START Data provided

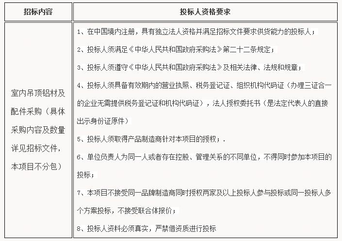 病房综合楼室内吊顶铝材及配件招标公告
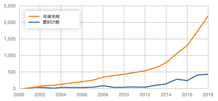 图21:2000-2019年中国量子技术专利申请的累计计数
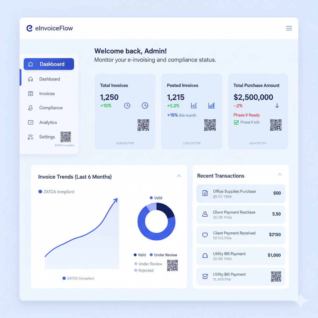 Built for ZATCA Phase 2 compliance — and scalable for regulations in other regions
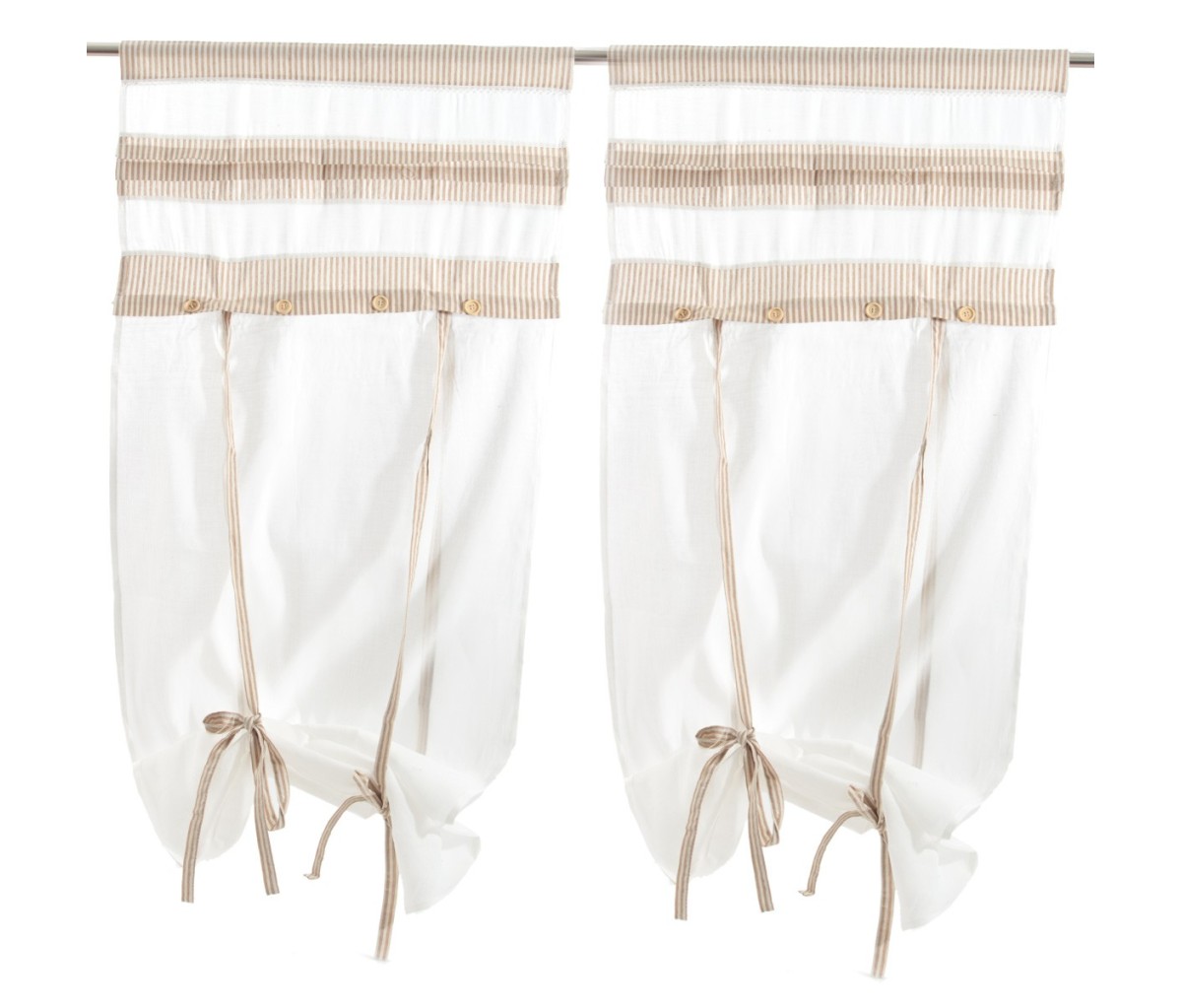 Le tendine infatti presentano nella parte superiore una mantovana decorata con righe sottili nella tonalità del beige, un profilo in crochet e bottoni applicati.
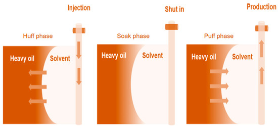Against this background, the focus is placed on CSI within the solvent-based category, which has gained attention for its simplicity, lower environmental impact, and effectiveness in heavy oil recovery. CSI cyclically injects solvent, followed by soaking and production, reducing oil viscosity, inducing oil swelling, and generating stable foamy oil, thereby improving reservoir fluid mobility and recovery efficiency [2,3].

END Data provided

- **Work instruction**: Pictures are not part of the answer. Restate word for word the lines from the one with "Built for ZATCA" through the last line of the records.

- **Response**:
 Built for ZATCA Phase 2 compliance — and scalable for regulations in other regions
 Le tendine infatti presentano nella parte superiore una mantovana decorata con righe sottili nella tonalità del beige, un profilo in crochet e bottoni applicati.
Against this background, the focus is placed on CSI within the solvent-based category, which has gained attention for its simplicity, lower environmental impact, and effectiveness in heavy oil recovery. CSI cyclically injects solvent, followed by soaking and production, reducing oil viscosity, inducing oil swelling, and generating stable foamy oil, thereby improving reservoir fluid mobility and recovery efficiency [2,3].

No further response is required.